There really is nothing like the impending arrival of a new baby to start a mommy’s mind on all the changes that are about to take place. When Thaya was about 8 months old, we found out that we were expecting Aubrie. One of my biggest (and incredibly common) worries was that I wouldn’t possibly be able to love another child as much as I’ve loved my first and (at the time) only child. I just didn’t understand how it was possible to love more when you are already so full of love. Of course the minute Aubrie was plopped on my chest, she look straight into my eyes and smiled – that was all it took to “get it”. You don’t have to divide up your love because your heart just grows. And all of that love overflows into the rest of your soul, and your soul just absorbs it and radiates it. Sure, they share your attention, and this has to get divided, but love? Nope. There is plenty to go around.

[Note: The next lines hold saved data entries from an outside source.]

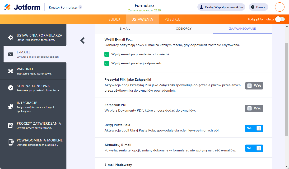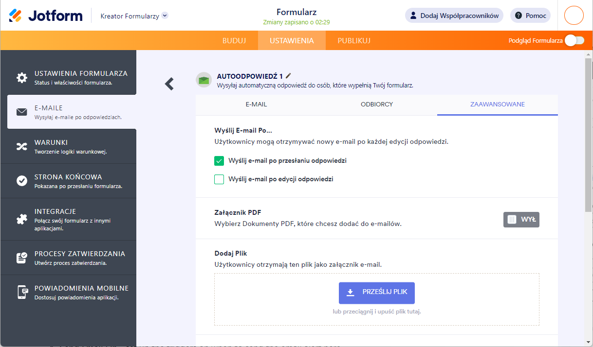 - Załącznik PDF – włącz tę opcję, jeśli chcesz otrzymywać kopię PDF odpowiedzi jako załącznik.
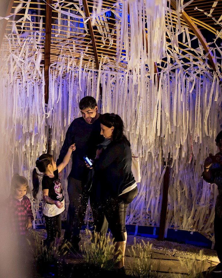 Saligman is committed to community involvement and strove throughout the project to create pathways for participation, particularly in making it possible for people who could not travel to the site to share their struggles and be included in the work. As a result, Knotted Grotto is notable for the sheer number of participants, but also for an unforeseen quality that developed over the course of the project. Saligman noted that in leading up to the work, she “hoped that people would be connected to an energy greater than themselves.” As engagement around the project built, Saligman noted a meditative, energetic quality of the space, commenting, “I’ve never experienced something that wasn’t there being so palpable.” Speaking to the placemaking component of the work, she described Knotted Grotto as the creation of a container for holding struggle, as well as a piece that hinged upon mutuality of transformation—a shift in the environment, a transformative experience for participants, and a lasting impact on the artist as well.
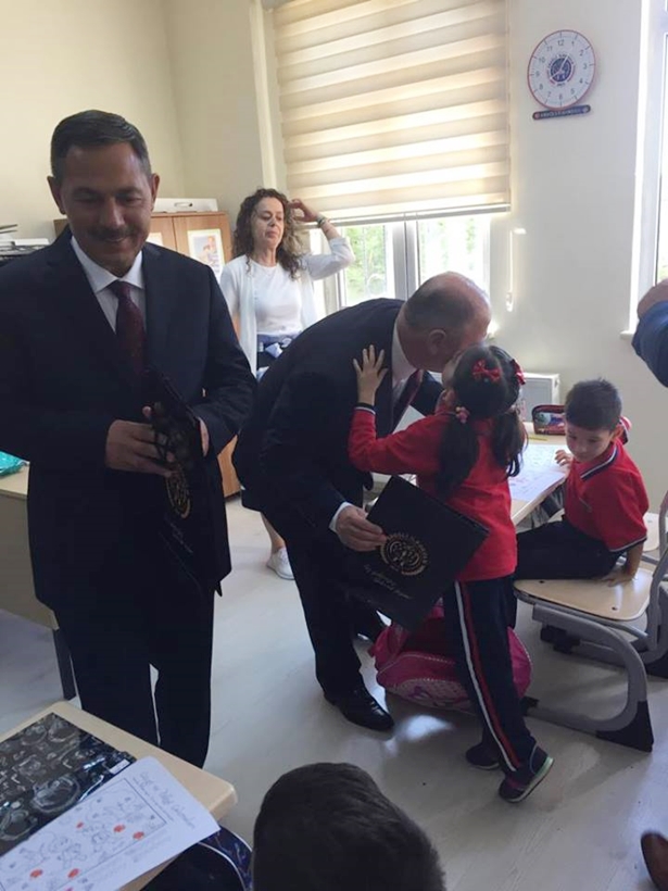 Kaymakam Çorumluoğlu ve protokol, daha sonra 1 D sınıfını ziyaret ettiler. Kaymakam ve protokol, öğrencilere hediyeler verdi, kendileriyle sohbet etti. Ziyaret esnasında 2018-2019 eğitim yılının ilk ders zili de okul müdürü Tuncay Uzun ve Milli Eğitim Müdür Vekili İsmail Aksoy tarafından çalındı.
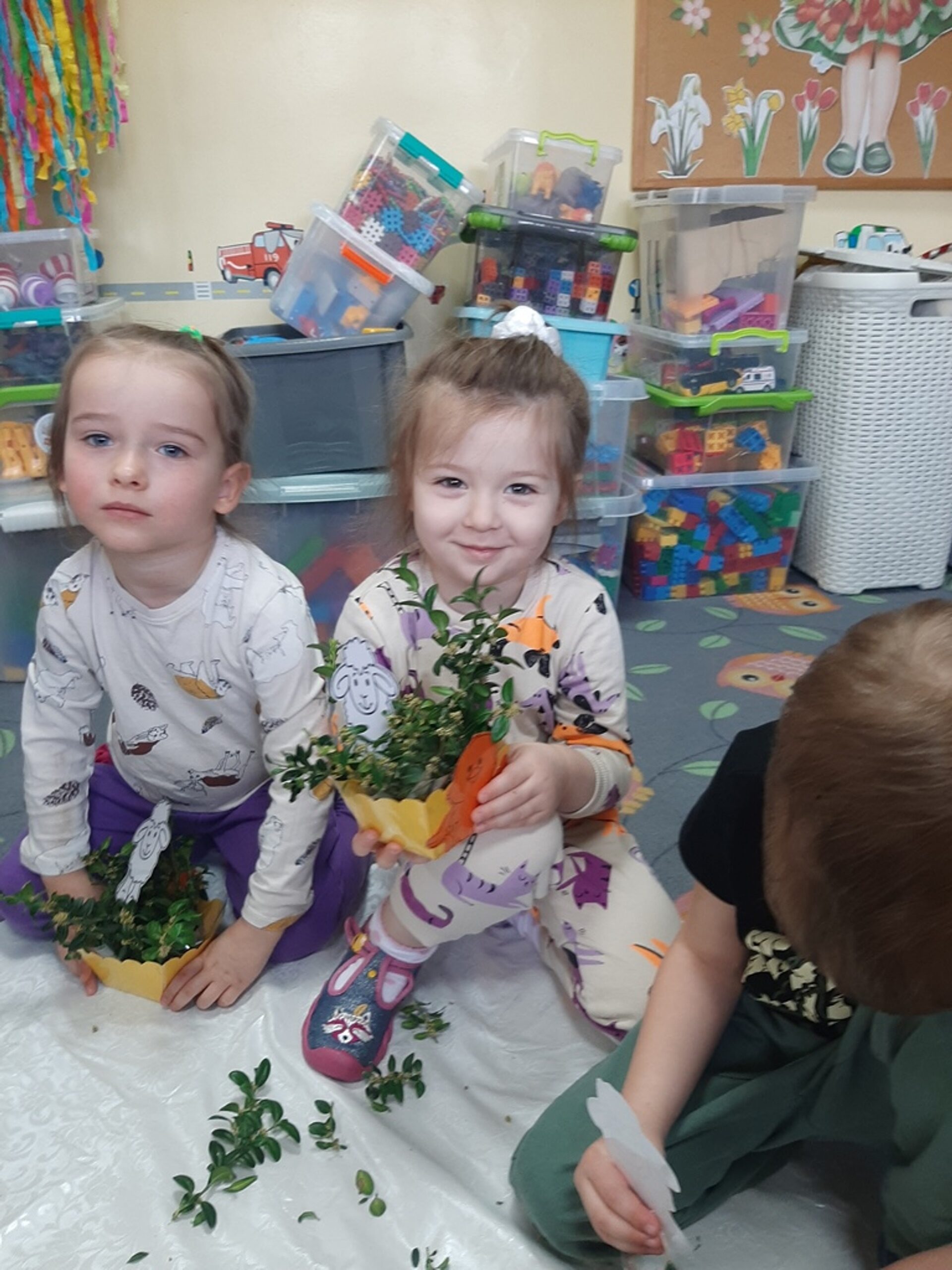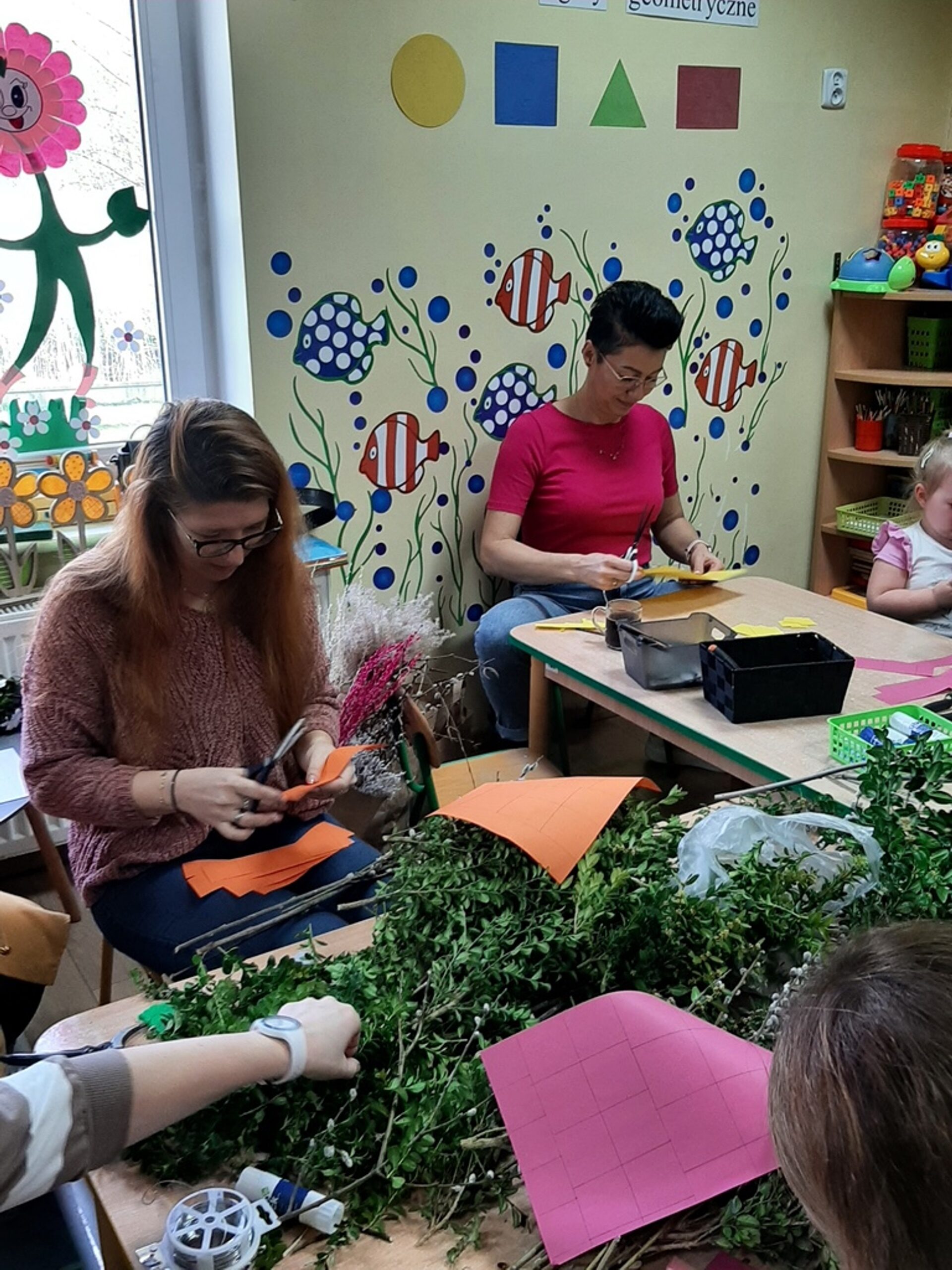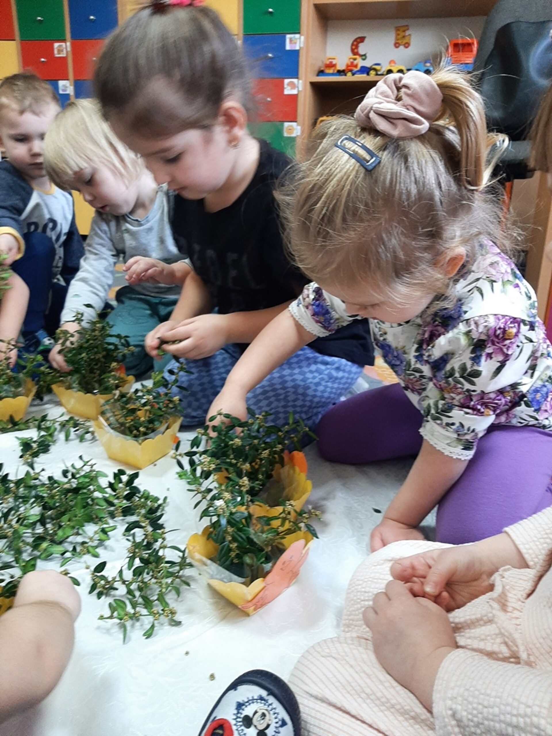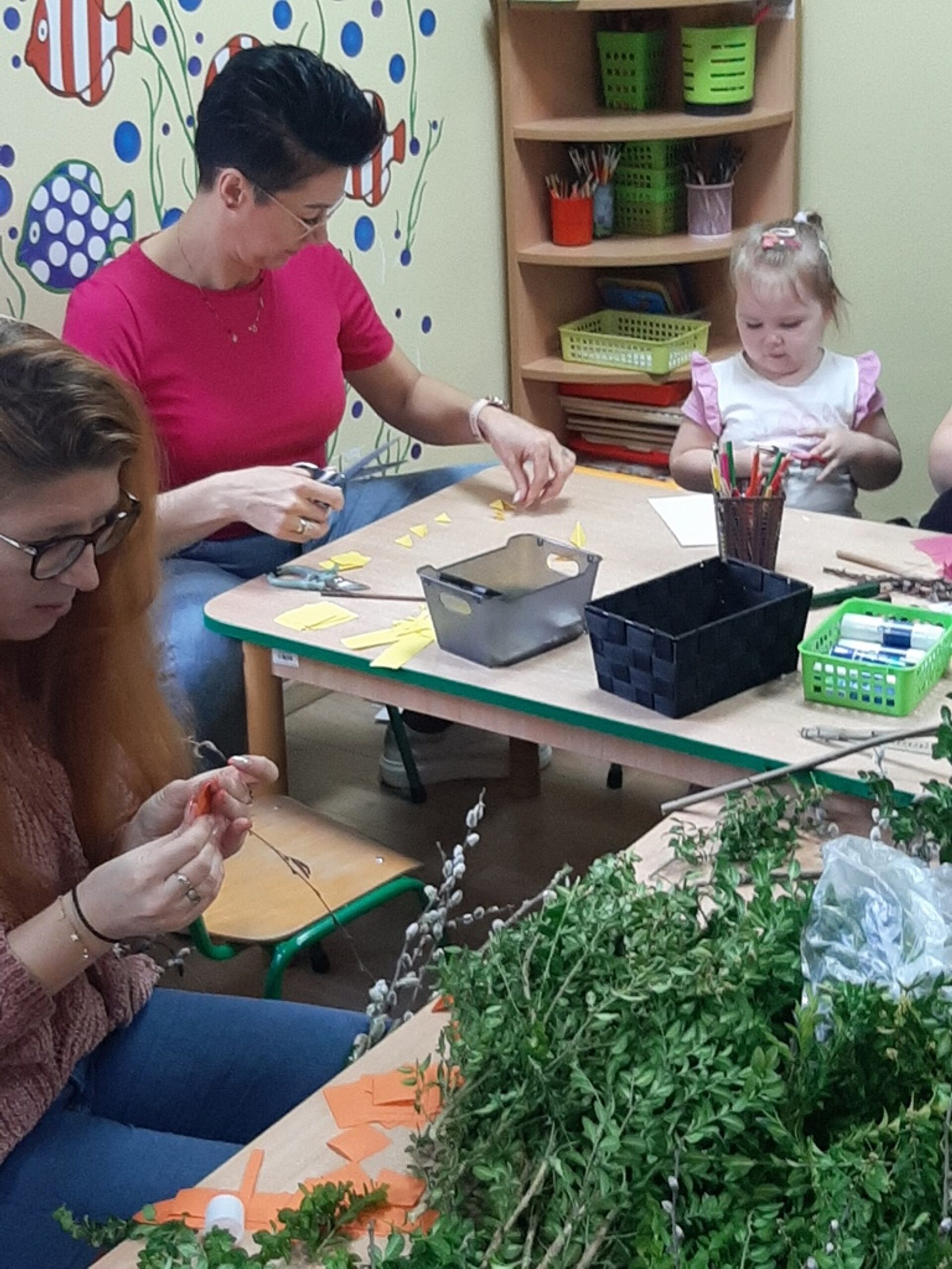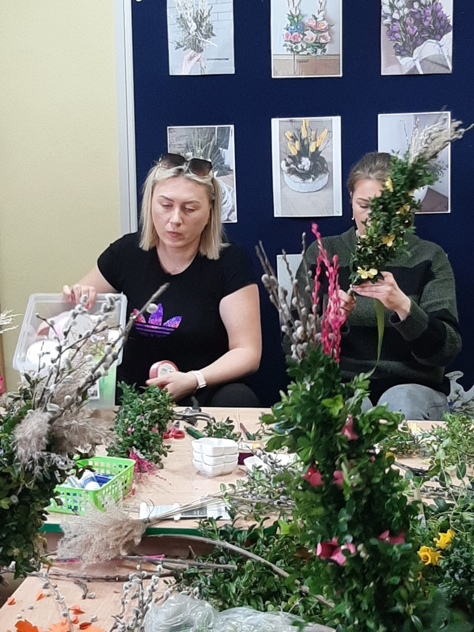 Dnia 20.03.2024r. w naszym przedszkolu – oddziale „Bratki” odbyły się wspaniałe warsztaty florystyczne. Warsztaty prowadziła pani Magdalena Kamińska. Dzieci miały okazję zapoznać się z zawodem florysty oraz sposobami uprawy roślin i kwiatów. Przedszkolaki bardzo chętnie uczestniczyły w zajęciach, wykonując przy tym powierzone im przez Panie zadania. W dalszej części warsztatów dzieci, krok po kroku same wykonały kompozycje wiosenne. Efekty pracy będą mogli podziwiać członkowie rodzin naszych podopiecznych na wielkanocnych stołach. Rodzice natomiast pod czujnym okiem pani Magdy wykonywały palmę wielkanocną z bukszpanu, bazi i kwiatów. Był to mile spędzony czas, podczas którego wszyscy dobrze się bawili.
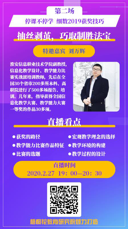 第二期是由淮安信息职业技术公司刘万辉教授主讲的“停课不停学,细数2019教学能力比赛获奖技巧”。刘万辉教授以2019年教师教学能力比赛作品为切入点,细致深刻地剖析了教学能力比赛需要准备的材料、比赛的突破方式、不同作品类型的塑造模型、教学设计的要素与方法、教学过程的组织实施策略以及比赛网评提交教学材料的准备技巧,尤其对课堂思政融入信息化教学设计中的有效应用进行了认真分析。
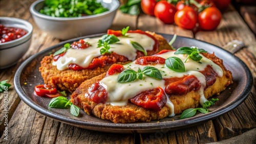 Vibrant, juicy, breaded and fried chicken topped with rich marinara sauce and melted mozzarella cheese on a rustic plate.
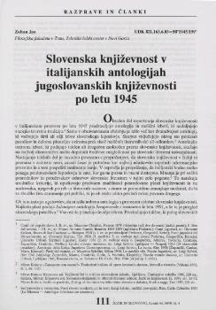 Jan, Zoltan (1999). Slovenska književnost v italijanskih antologijah jugoslovanskih književnosti po letu 1945.
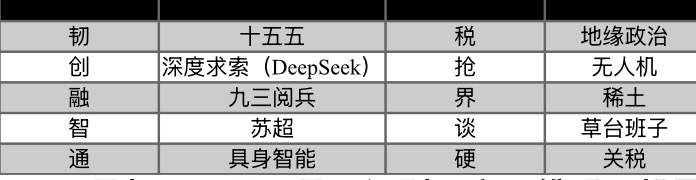 “融”“韧”性,育“具身智能”新质,“谈”“税”策,显“地缘政治”格局。12月9日,“汉语盘点2025”年度各组前五位字词正式出炉,“韧”“创”“税”“抢”“十五五”“苏超”“地缘政治”“稀土”等热门字词入围。
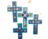 - Set of 4 Blue Mosaic Wall Crosses – Handmade Glass Tile Faith Decor 9x6.5 Inches
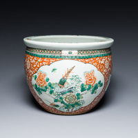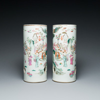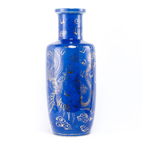 Vase de forme rouleau en porcelaine de Chine à décor doré d'un dragon et d'un phénix sur fond bleu poudré, 19ème
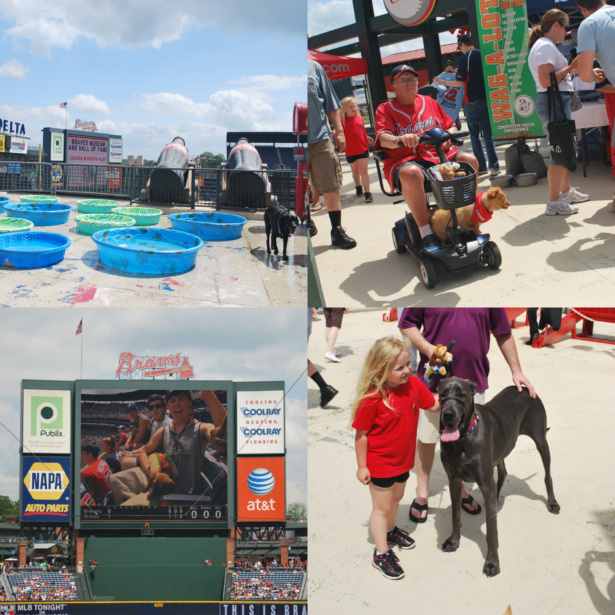 We had time to kill, and it was Bark in the Park day!!! Annette and Dave have two dogs, who I alluded to in the 4-13-12 post. Annette had badly wanted to bring them, but decided otherwise. One of their dogs is somewhat skittish, and the other gets car sick, so it was probably for the best. We spent a good 30 minutes in the area that is reserved for the dogs and their owners. The Braves have a special entrance and everything, and the dogs have to stay in that area for the whole game, so it’s not like there were dogs everywhere. I took a bunch of pictures and below is a four-parter that shows what all went down.
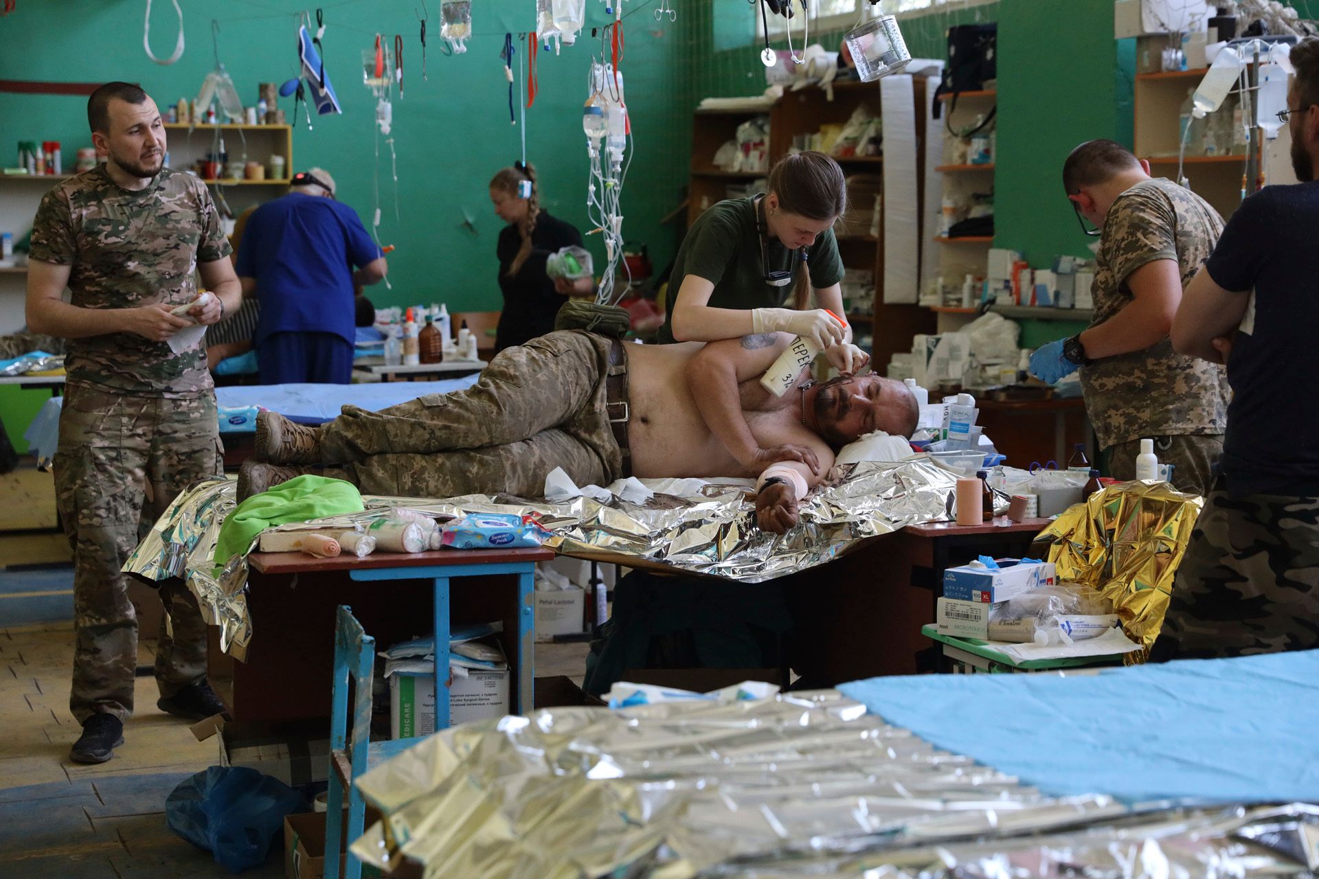 Kateryna Klochko / AP / Scanpix / LETA Врачи помогают раненому бойцу ВСУ в медпункте в Запорожской области

So now that I’m going from two to three, I can’t help but think about all of the imminent changes that are about to take place. Right – sleep deprivation, exhaustion, a possible relapse to the world of postpartum depression, but these are the least of my worries. I’m thinking more about how my girls’ relationship is going to change. Thaya and Aubrie will be spending more time apart, Aubrie and Lily will spend more time together than Thaya and Lily. Aubrie will start school, and somehow she will instantly morph into a real child. Say “good-bye” to the baby and toddler days for that one. We’ll still have time together, sure.
But things are going to be different.
When Matt and I had Thaya, it was like she was a part of our lives forever. It is actually hard to feel connected to a time before she was around. When Aubrie came along, it was like we always had two little wonderful girls, I can hardly remember what it was like to have one. Now that we are expecting number three, I know it is going to happen again. These days are coming to an end, and it is sort of bittersweet. I know that when Lily comes, I won’t be able to imagine life any other way, and things will be as wonderful and as blessed as they are now, but I still can’t help thinking that something, somewhere along the lines will go missing. Some little part of us that we have right now will be lost.
It really doesn’t matter though. Because I know for a fact Lily is going to be entirely different from Aubrie and Thaya, she is going to have a firecracker personality, and she is going to expand our hearts even more with so much love that we won’t have time to look back, only happy anticipation for the future.